═════ Dataset entries ═════

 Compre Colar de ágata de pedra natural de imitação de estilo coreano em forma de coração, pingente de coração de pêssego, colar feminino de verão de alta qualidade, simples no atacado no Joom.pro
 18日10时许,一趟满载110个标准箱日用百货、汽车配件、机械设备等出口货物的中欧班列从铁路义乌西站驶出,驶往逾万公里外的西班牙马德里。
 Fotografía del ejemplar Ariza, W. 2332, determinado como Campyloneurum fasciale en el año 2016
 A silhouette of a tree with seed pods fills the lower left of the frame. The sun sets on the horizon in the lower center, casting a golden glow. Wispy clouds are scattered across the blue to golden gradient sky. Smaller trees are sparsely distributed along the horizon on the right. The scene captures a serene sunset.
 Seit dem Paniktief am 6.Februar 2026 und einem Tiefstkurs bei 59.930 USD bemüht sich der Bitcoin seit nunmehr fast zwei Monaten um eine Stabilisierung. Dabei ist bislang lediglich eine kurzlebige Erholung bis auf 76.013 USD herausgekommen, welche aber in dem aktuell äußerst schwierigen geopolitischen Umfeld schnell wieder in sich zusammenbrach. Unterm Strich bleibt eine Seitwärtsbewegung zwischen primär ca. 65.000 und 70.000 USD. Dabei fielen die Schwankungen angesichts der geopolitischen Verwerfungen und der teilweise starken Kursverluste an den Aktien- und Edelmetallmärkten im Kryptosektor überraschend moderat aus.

═════
═════ Dataset entries ═════

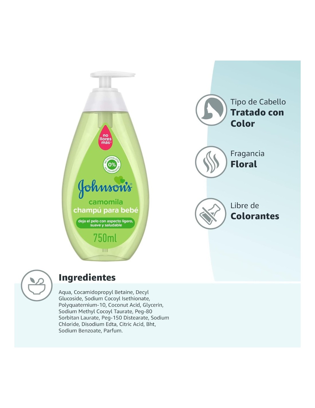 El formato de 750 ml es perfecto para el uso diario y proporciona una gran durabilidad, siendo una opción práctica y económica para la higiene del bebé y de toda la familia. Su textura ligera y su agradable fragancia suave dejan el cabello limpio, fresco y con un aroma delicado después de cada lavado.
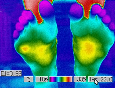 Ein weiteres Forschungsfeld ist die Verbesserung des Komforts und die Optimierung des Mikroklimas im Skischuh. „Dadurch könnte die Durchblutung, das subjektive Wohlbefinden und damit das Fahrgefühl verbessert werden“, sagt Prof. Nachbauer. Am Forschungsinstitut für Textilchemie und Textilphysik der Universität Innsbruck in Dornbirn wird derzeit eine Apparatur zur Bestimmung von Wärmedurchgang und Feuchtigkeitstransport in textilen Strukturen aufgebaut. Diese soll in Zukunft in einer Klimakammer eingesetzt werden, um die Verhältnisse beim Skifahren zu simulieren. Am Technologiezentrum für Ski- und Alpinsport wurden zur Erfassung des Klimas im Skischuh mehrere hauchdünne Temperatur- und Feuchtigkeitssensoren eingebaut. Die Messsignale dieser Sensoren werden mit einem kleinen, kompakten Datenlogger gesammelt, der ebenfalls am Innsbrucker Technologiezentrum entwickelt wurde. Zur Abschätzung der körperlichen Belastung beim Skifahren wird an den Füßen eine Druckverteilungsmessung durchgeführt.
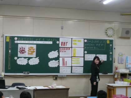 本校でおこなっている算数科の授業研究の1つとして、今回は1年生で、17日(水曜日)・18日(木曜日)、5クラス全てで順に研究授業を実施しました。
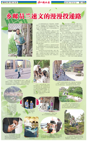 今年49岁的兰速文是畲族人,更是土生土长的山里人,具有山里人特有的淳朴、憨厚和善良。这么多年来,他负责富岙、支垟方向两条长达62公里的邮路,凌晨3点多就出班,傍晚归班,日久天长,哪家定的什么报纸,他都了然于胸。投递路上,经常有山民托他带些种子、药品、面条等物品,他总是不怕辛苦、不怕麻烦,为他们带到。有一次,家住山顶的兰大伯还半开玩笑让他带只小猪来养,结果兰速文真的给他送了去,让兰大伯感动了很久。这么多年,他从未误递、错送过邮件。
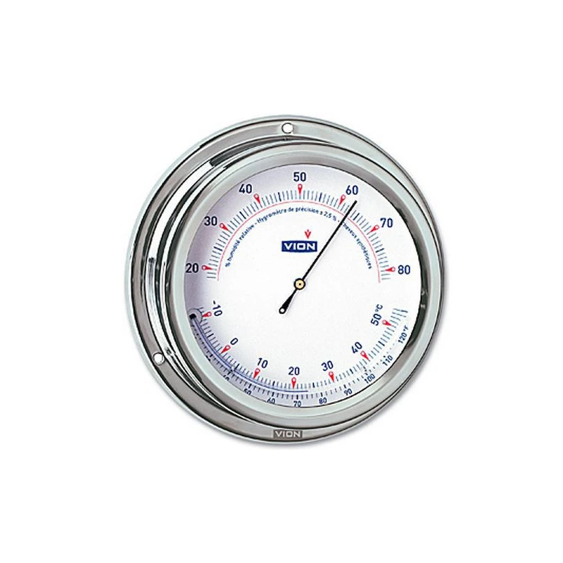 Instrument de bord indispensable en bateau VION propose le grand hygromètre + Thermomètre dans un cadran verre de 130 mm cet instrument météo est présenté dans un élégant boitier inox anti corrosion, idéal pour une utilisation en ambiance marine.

═════
═════ Dataset entries ═════

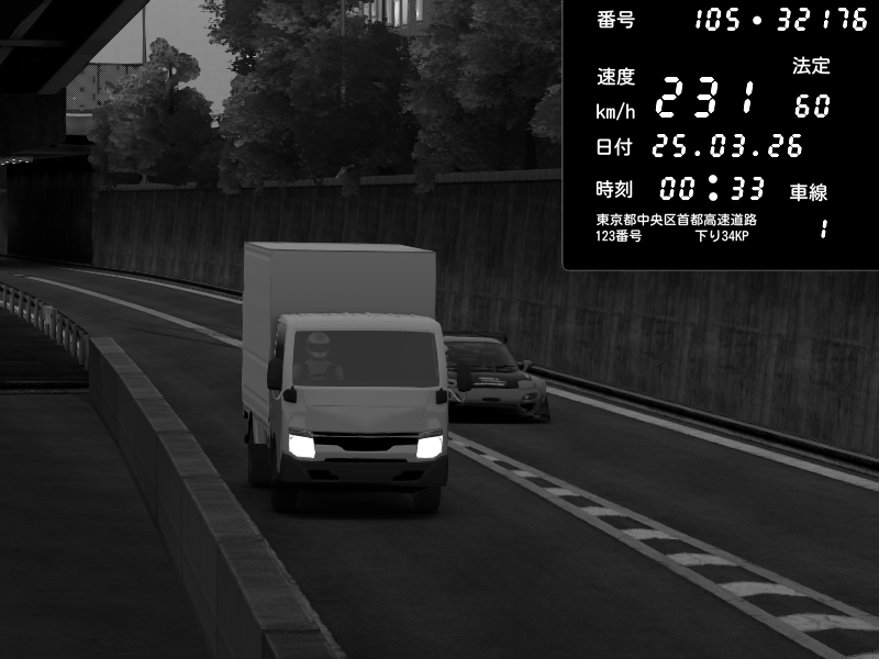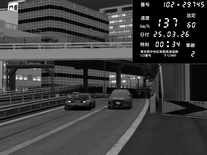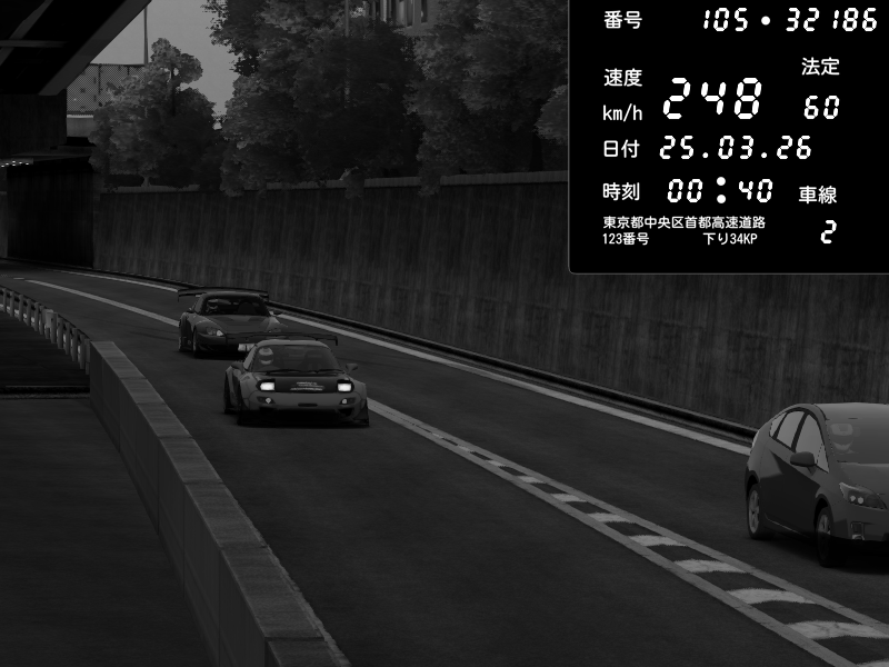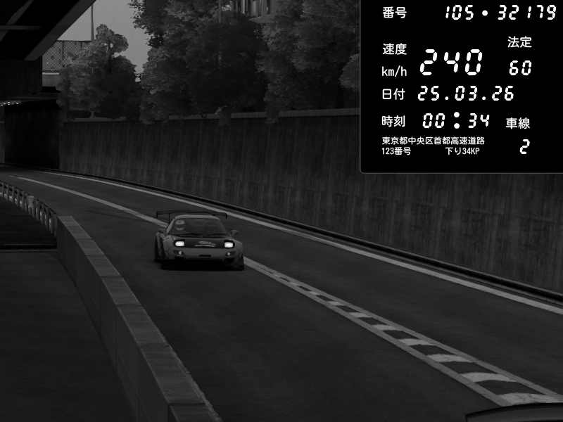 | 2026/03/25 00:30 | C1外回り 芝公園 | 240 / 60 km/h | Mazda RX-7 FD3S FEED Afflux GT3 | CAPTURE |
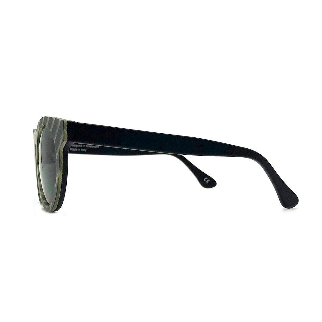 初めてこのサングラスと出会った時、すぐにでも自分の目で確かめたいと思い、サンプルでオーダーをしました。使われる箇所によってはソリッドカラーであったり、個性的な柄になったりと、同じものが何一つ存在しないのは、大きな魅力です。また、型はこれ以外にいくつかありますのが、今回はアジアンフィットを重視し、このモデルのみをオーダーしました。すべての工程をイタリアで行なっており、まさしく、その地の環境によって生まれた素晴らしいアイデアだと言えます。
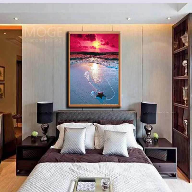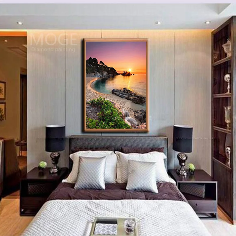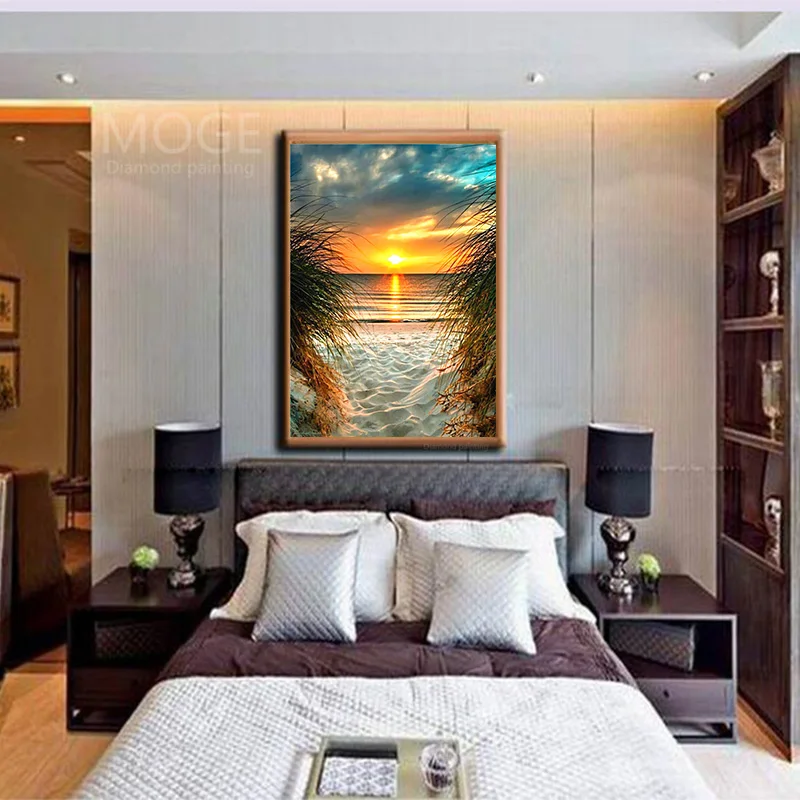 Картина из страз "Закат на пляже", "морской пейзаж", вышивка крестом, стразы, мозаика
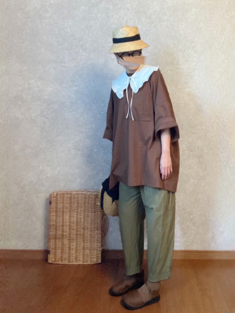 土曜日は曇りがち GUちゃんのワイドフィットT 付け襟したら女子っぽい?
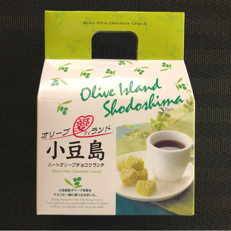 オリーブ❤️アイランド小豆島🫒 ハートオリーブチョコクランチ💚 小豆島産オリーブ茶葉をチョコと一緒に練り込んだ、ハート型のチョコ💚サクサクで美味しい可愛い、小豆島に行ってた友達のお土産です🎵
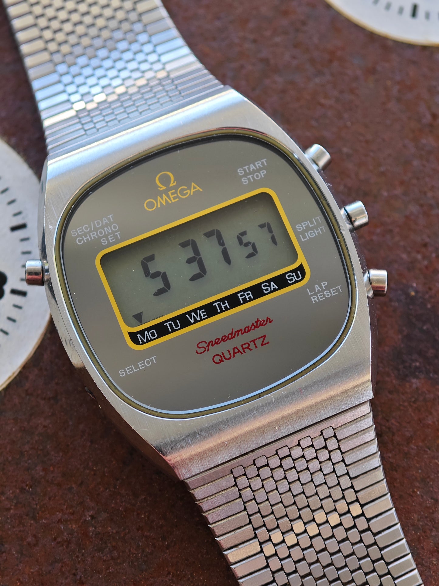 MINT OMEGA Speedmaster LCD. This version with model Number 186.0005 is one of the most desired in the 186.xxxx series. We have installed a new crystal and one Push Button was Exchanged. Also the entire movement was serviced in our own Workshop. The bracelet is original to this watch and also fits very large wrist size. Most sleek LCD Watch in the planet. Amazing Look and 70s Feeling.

═════

Problem:
Where a picture appears in the records above, omit it, and transcribe exactly the stretch of lines from the one with "今年49岁的兰速文是畲族人,更是土生土长" through the one with "Instrument de bord".

Output:
 今年49岁的兰速文是畲族人,更是土生土长的山里人,具有山里人特有的淳朴、憨厚和善良。这么多年来,他负责富岙、支垟方向两条长达62公里的邮路,凌晨3点多就出班,傍晚归班,日久天长,哪家定的什么报纸,他都了然于胸。投递路上,经常有山民托他带些种子、药品、面条等物品,他总是不怕辛苦、不怕麻烦,为他们带到。有一次,家住山顶的兰大伯还半开玩笑让他带只小猪来养,结果兰速文真的给他送了去,让兰大伯感动了很久。这么多年,他从未误递、错送过邮件。
 Instrument de bord indispensable en bateau VION propose le grand hygromètre + Thermomètre dans un cadran verre de 130 mm cet instrument météo est présenté dans un élégant boitier inox anti corrosion, idéal pour une utilisation en ambiance marine.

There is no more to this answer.